Adolescent subjects of the trial will be given a specific dosing schedule involving 600mg initially, followed by 300mg given Q3M.
The trial’s primary endpoint is the time-normalised monthly rate of HAE attacks at the six-month mark.
A key secondary endpoint is the proportion of subjects who remain attack-free during the six-month period. Top-line outcomes are expected to be released in early 2027.
Following this duration, eligible subjects may proceed to the ORBIT-EXPANSE long-term trial, which offers a ‘patient-centred’ flexible dosing period and includes all of the therapy-treated subjects.

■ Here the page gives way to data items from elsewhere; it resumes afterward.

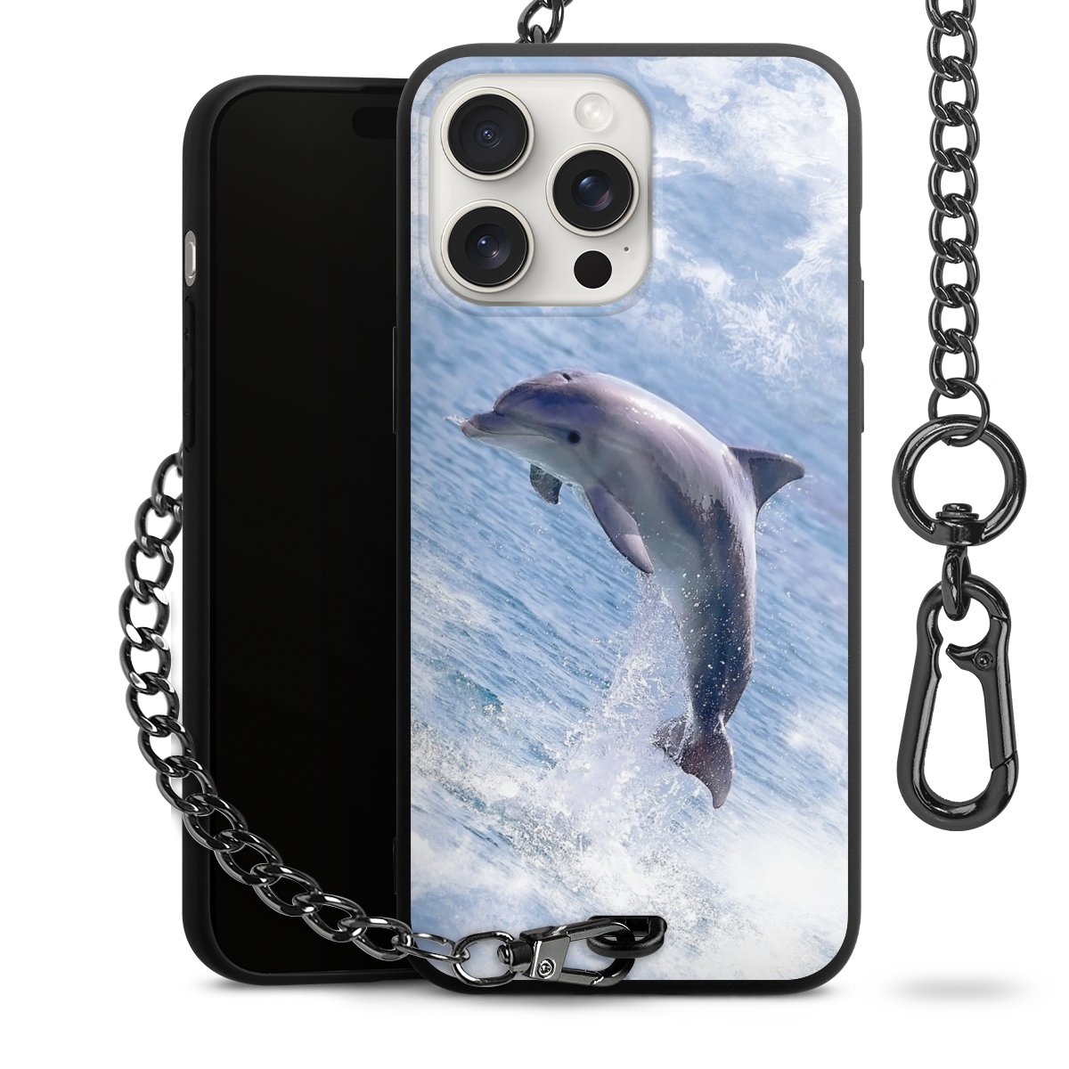 • Mattschwarze Handyhülle mit Metallkette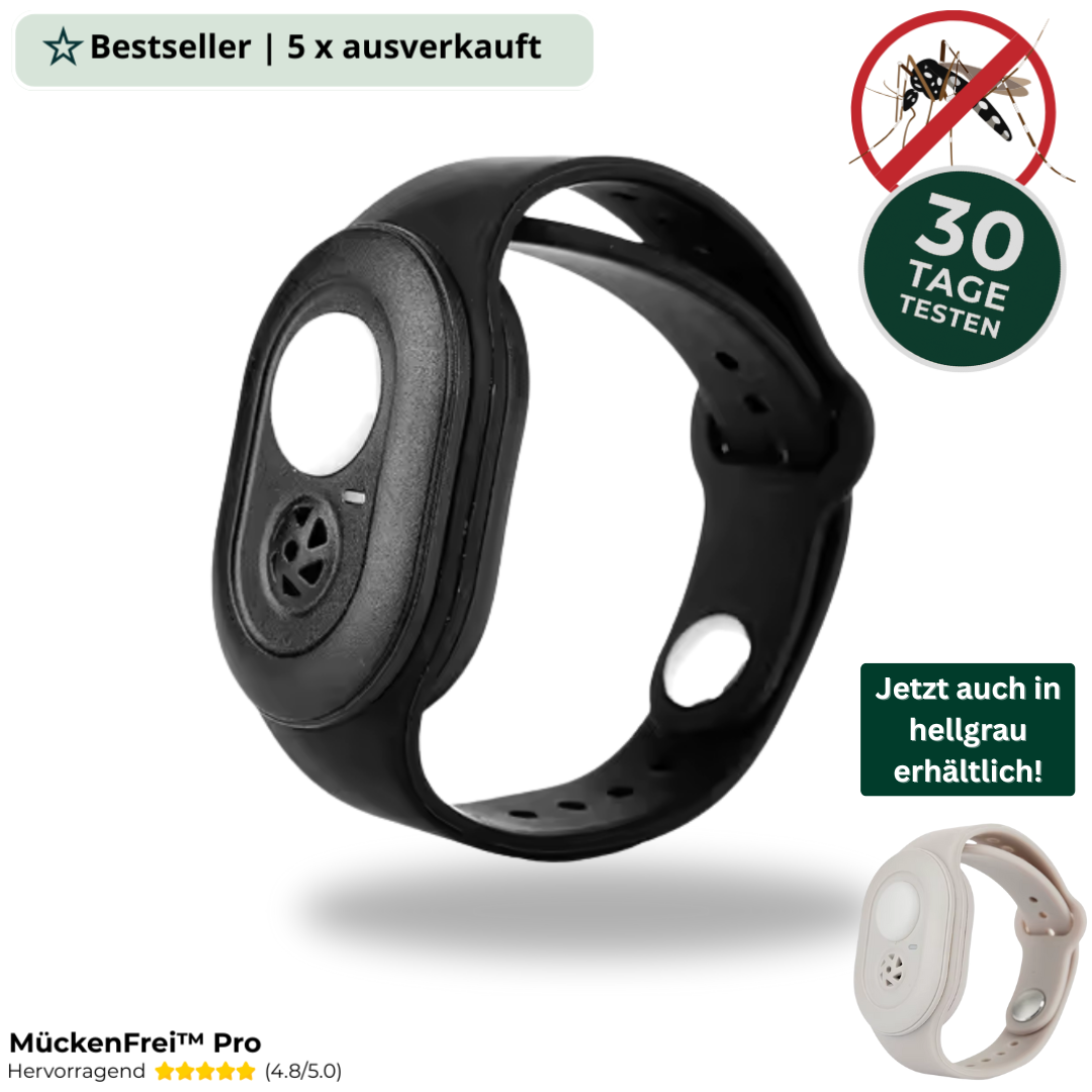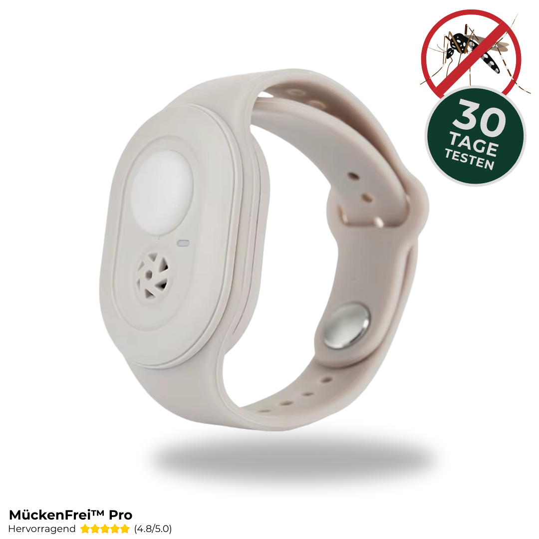 MückenFrei™ Pro schützt dich ganz ohne Chemie, Spray oder Nachfüllen. Mit Ultraschall und gelbem Licht werden Mücken zuverlässig ferngehalten – tragbar wie eine Uhr, völlig unkompliziert, nachhaltig & umweltschonend.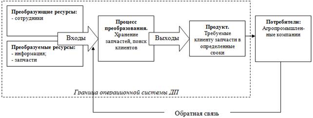 У обоих подразделений компании имеются похожие входы: сотрудники и информация. Далее в процессе преобразования входов КИ получает новую научную или практическую идею, а ДП организует хранение запчастей и поиск клиентов. Потребителями у КИ являются учащиеся, общественность, юридические лица. У ДП потребители – агропромышленные компании. В КИ существенно ослаблена обратная связь между потребителем и входами процесса преобразования. Это связано с тем, что практически отсутствует сбор данных и анализ удовлетворенности потребителей. ДП наоборот, хорошо знает своих потребителей, там хорошо развита обратная связь.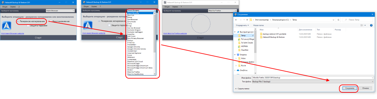 Сам процесс сохранения данных очень простой. Нужно нажать кнопку Резервное копирование, выбрать браузер и папку для сохранения файла.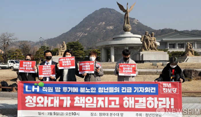 [서울=뉴스핌] 백인혁 기자 = 청년진보당 관계자들이 5일 오전 서울 종로구 청와대 분수대 앞에서 LH직원 땅 투기 의혹에 대한 청와대 해결 촉구 기자회견을 하고 있다. 2021.03.05 dlsgur9757@newspim.com
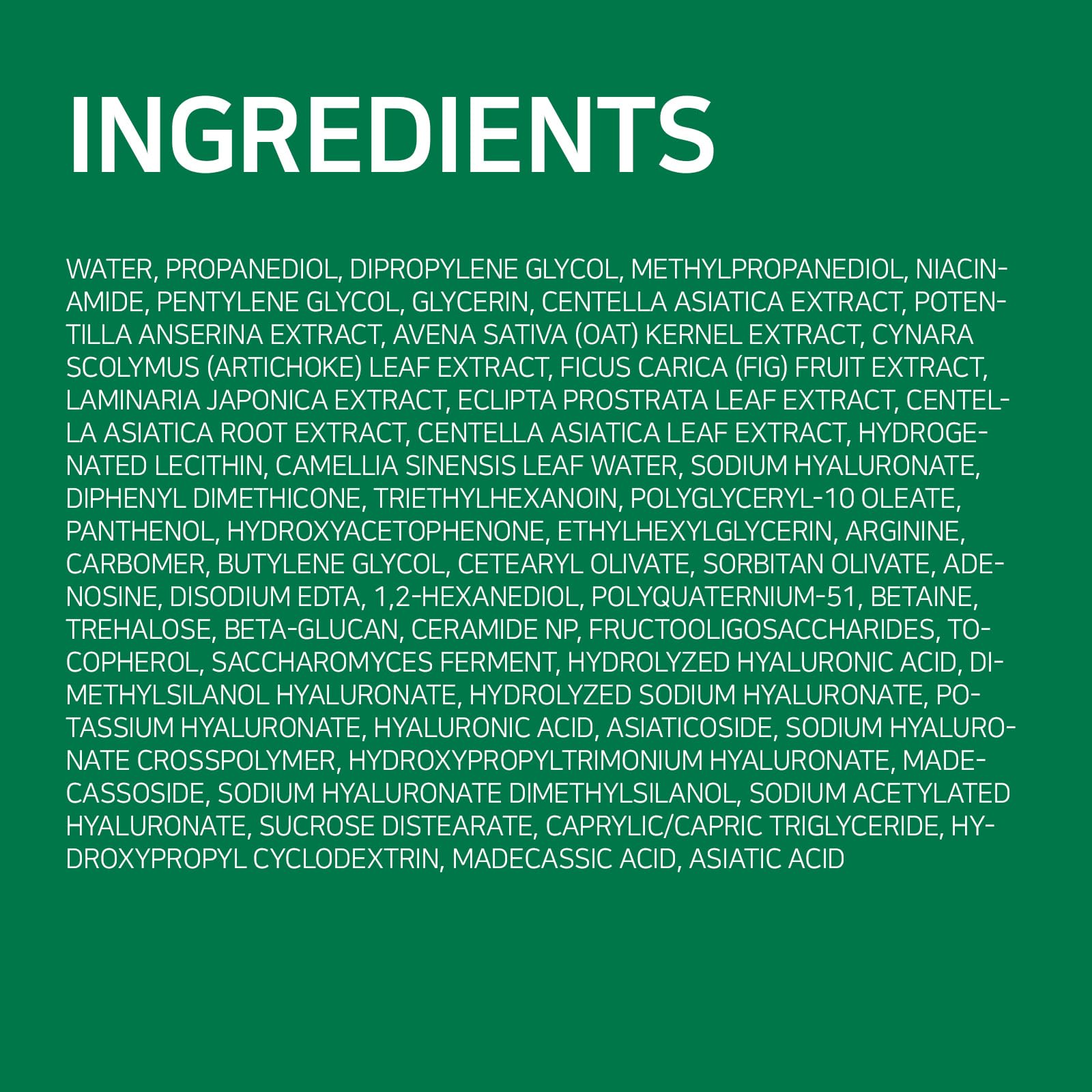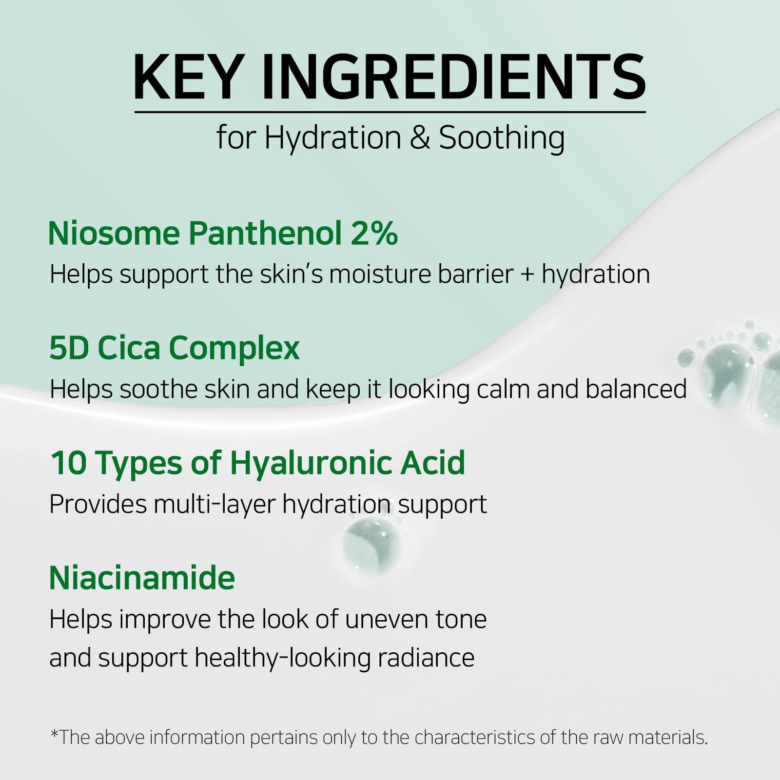 - 5D CICA COMPLEX + 10 TYPES OF HYALURONIC ACID: A blend of 5 Centella-derived ingredients and multi-layer Hyaluronic Acids that help provide soothing care and maintain hydration.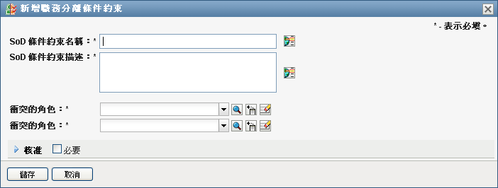 如果 SoD 條件約束需要對例外核准,請選取此方塊。 如果 SoD 條件約束不需要對例外核准,請不選此方塊。 |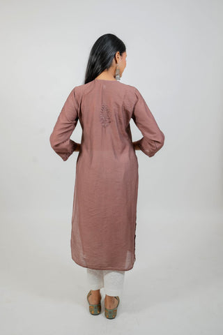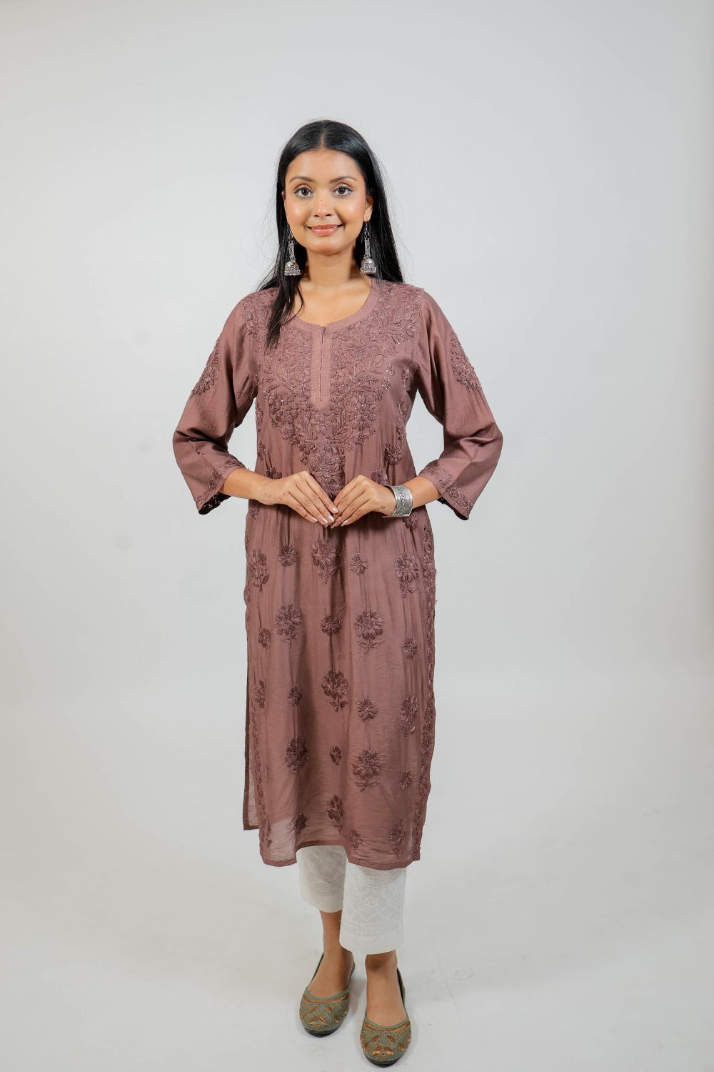 Work: Intricately embroidered with delicate white Chikankari motifs, adding traditional charm to the rich choco brown base.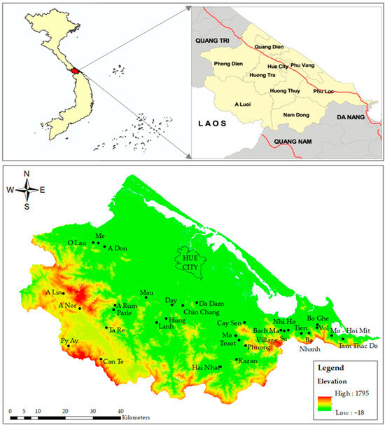 Thua Thien Hue, situated in central Vietnam, boasts a coastline of 128 km, 22,000 hectares of lagoons, and more than 200,000 hectares of forest. Thua Thien Hue province has strengths not only in heritage tourism, spiritual cultural tourism, and sea tourism but also in ecotourism associated with streams and waterfalls. Throughout the districts and towns of Thua Thien Hue, from lowlands to highlands, it is evident that there exists substantial potential for ecotourism based on streams and waterfalls. A stream is a flowing body of water that moves continuously, while a waterfall is a location of a river or stream where water flows over a steep drop. The location of Thua Thien Hue province and a terrain map is shown in Figure 1. Thua Thien Hue features a distinct hierarchical geographic structure. The region’s terrain includes mountainous areas extending from the Vietnam–Laos border to Da Nang city, covering approximately one-quarter of the total area. Midland regions make up about half of the area, with an average elevation of less than 500 m. Additionally, the local delta is characterized by sand dunes and a lagoon, encompassing around 1400 square kilometers.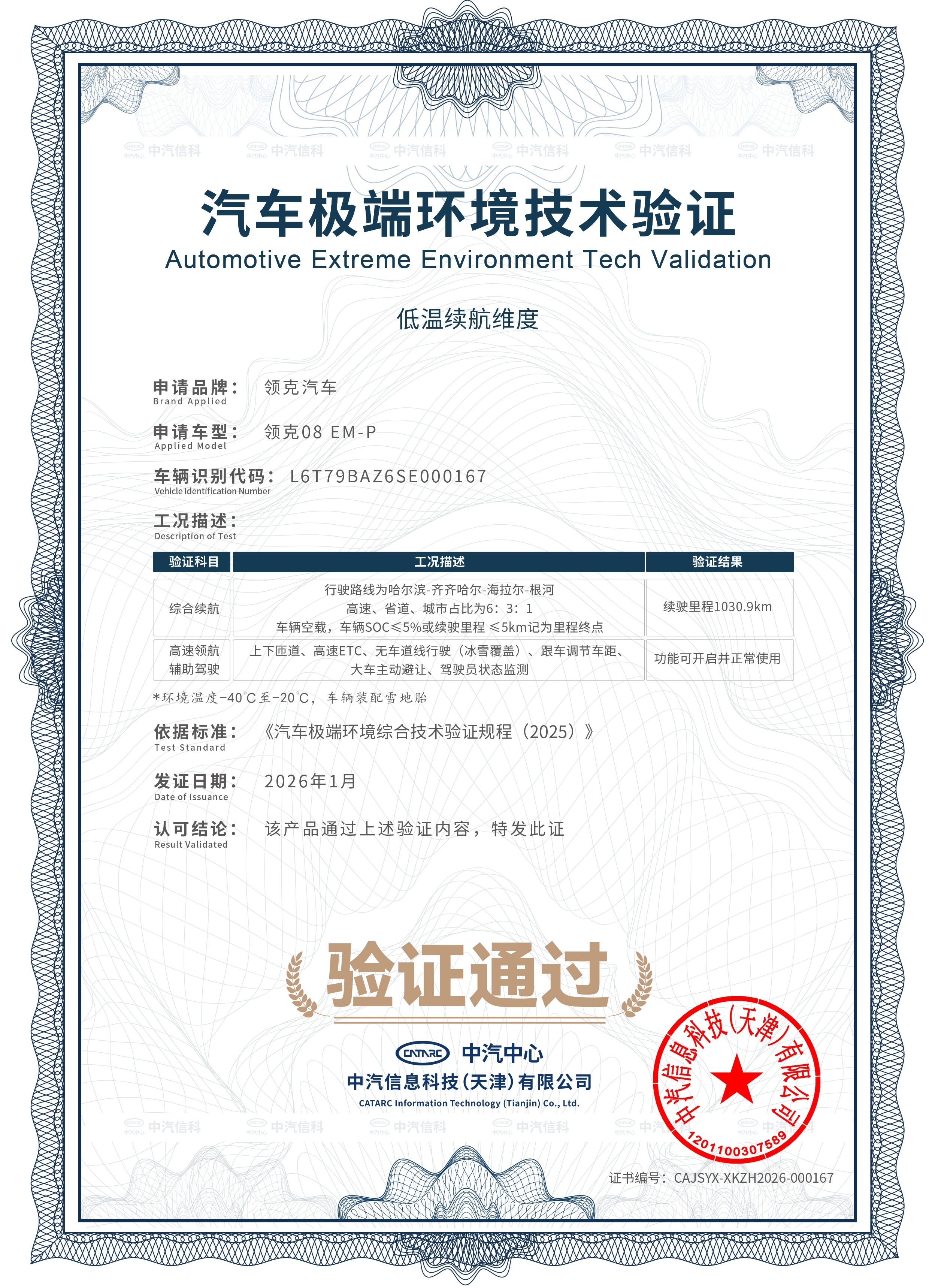 #春节返乡要稳不要快#春运赶路主打一个靠谱!近日,全新领克08EM-P得到了中汽信科在极寒环境下的技术认证,-40℃一箱油一次电从哈尔滨直达根河,续航1030.9km,低温也很扎实。而且在经过81.18km/h雪地弯道爆胎测试,也能稳稳控住不慌乱。更暖的是,它一路陪着安秋金远赴阿勒泰,看冬捕、吃家宴,在零下几十度里提前帮你热好车、冰箱温着热饮,简直是把“移动暖厅”搬进冰天雪地。#今年春节还回家吃饭吗#开领克08,暖乎乎、稳当当,平平安安回家过年。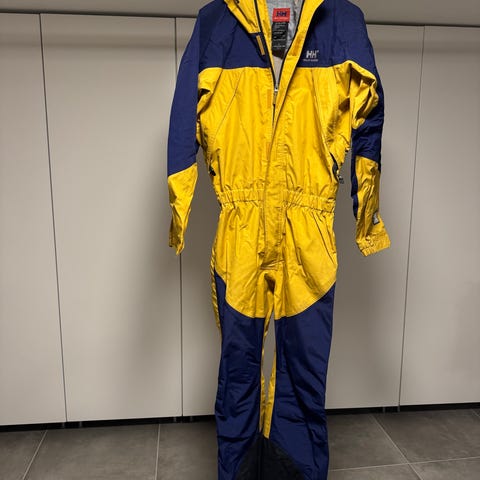 Foret regndragt, som er vind- og vandtæt. Dragten er svejset indvendig på alle syningerne med et ekstra lag nylon, så den er helt tæt. Der er isat elastik i livet, så den sidder perfekt til kroppen.

The ALPHA-ORBIT and ORBIT-EXPANSE trials are part of the Phase III programme for navenibart, aiming to support its worldwide registration.
Astria Therapeutics chief medical officer Christopher Morabito said: “We believe that navenibart will deliver strong efficacy, low treatment burden, and favourable safety and tolerability, and we are thrilled to have initiated our Phase III ALPHA-ORBIT trial to support that vision.”
The decision to advance to Phase III trials was based on the promising final top-line results from the Phase Ib/II ALPHA-STAR trial.
Through navenibart, Astria aims to provide a quick and ‘sustained’ method for preventing HAE attacks, using a validated mechanism and an established modality, with the flexibility of administration every three or six months.
In February 2023, the company announced the commencement of the Phase Ib/II ALPHA-STAR trial of STAR-0215 to treat HAE patients.